## Task item
Repeat the listing exactly, line by line.

## Record extracts
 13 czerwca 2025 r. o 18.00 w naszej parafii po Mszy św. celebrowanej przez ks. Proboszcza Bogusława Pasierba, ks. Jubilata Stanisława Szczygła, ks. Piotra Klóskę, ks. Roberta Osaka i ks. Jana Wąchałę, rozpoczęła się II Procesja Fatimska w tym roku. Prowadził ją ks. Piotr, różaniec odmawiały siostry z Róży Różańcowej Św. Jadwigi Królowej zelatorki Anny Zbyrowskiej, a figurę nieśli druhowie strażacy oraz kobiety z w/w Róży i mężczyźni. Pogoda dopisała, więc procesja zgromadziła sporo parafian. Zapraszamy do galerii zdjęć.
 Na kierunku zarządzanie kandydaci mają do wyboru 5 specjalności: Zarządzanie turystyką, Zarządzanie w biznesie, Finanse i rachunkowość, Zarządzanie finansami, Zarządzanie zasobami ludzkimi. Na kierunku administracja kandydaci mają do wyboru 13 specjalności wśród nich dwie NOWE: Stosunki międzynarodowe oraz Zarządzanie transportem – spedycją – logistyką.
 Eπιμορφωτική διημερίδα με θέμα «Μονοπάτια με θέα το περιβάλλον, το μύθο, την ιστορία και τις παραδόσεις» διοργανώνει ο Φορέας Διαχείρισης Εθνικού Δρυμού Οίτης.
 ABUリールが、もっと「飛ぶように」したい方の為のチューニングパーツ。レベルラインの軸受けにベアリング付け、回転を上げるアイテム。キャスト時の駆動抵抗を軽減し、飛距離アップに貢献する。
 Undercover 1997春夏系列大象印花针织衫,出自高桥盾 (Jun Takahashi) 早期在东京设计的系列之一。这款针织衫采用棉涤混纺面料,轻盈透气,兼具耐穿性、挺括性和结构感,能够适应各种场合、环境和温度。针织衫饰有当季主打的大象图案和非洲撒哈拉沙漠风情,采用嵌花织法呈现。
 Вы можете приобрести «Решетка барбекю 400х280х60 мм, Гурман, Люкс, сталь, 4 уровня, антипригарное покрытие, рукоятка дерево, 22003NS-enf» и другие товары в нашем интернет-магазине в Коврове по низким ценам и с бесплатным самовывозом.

## Final answer
 13 czerwca 2025 r. o 18.00 w naszej parafii po Mszy św. celebrowanej przez ks. Proboszcza Bogusława Pasierba, ks. Jubilata Stanisława Szczygła, ks. Piotra Klóskę, ks. Roberta Osaka i ks. Jana Wąchałę, rozpoczęła się II Procesja Fatimska w tym roku. Prowadził ją ks. Piotr, różaniec odmawiały siostry z Róży Różańcowej Św. Jadwigi Królowej zelatorki Anny Zbyrowskiej, a figurę nieśli druhowie strażacy oraz kobiety z w/w Róży i mężczyźni. Pogoda dopisała, więc procesja zgromadziła sporo parafian. Zapraszamy do galerii zdjęć.
 Na kierunku zarządzanie kandydaci mają do wyboru 5 specjalności: Zarządzanie turystyką, Zarządzanie w biznesie, Finanse i rachunkowość, Zarządzanie finansami, Zarządzanie zasobami ludzkimi. Na kierunku administracja kandydaci mają do wyboru 13 specjalności wśród nich dwie NOWE: Stosunki międzynarodowe oraz Zarządzanie transportem – spedycją – logistyką.
 Eπιμορφωτική διημερίδα με θέμα «Μονοπάτια με θέα το περιβάλλον, το μύθο, την ιστορία και τις παραδόσεις» διοργανώνει ο Φορέας Διαχείρισης Εθνικού Δρυμού Οίτης.
 ABUリールが、もっと「飛ぶように」したい方の為のチューニングパーツ。レベルラインの軸受けにベアリング付け、回転を上げるアイテム。キャスト時の駆動抵抗を軽減し、飛距離アップに貢献する。
 Undercover 1997春夏系列大象印花针织衫,出自高桥盾 (Jun Takahashi) 早期在东京设计的系列之一。这款针织衫采用棉涤混纺面料,轻盈透气,兼具耐穿性、挺括性和结构感,能够适应各种场合、环境和温度。针织衫饰有当季主打的大象图案和非洲撒哈拉沙漠风情,采用嵌花织法呈现。
 Вы можете приобрести «Решетка барбекю 400х280х60 мм, Гурман, Люкс, сталь, 4 уровня, антипригарное покрытие, рукоятка дерево, 22003NS-enf» и другие товары в нашем интернет-магазине в Коврове по низким ценам и с бесплатным самовывозом.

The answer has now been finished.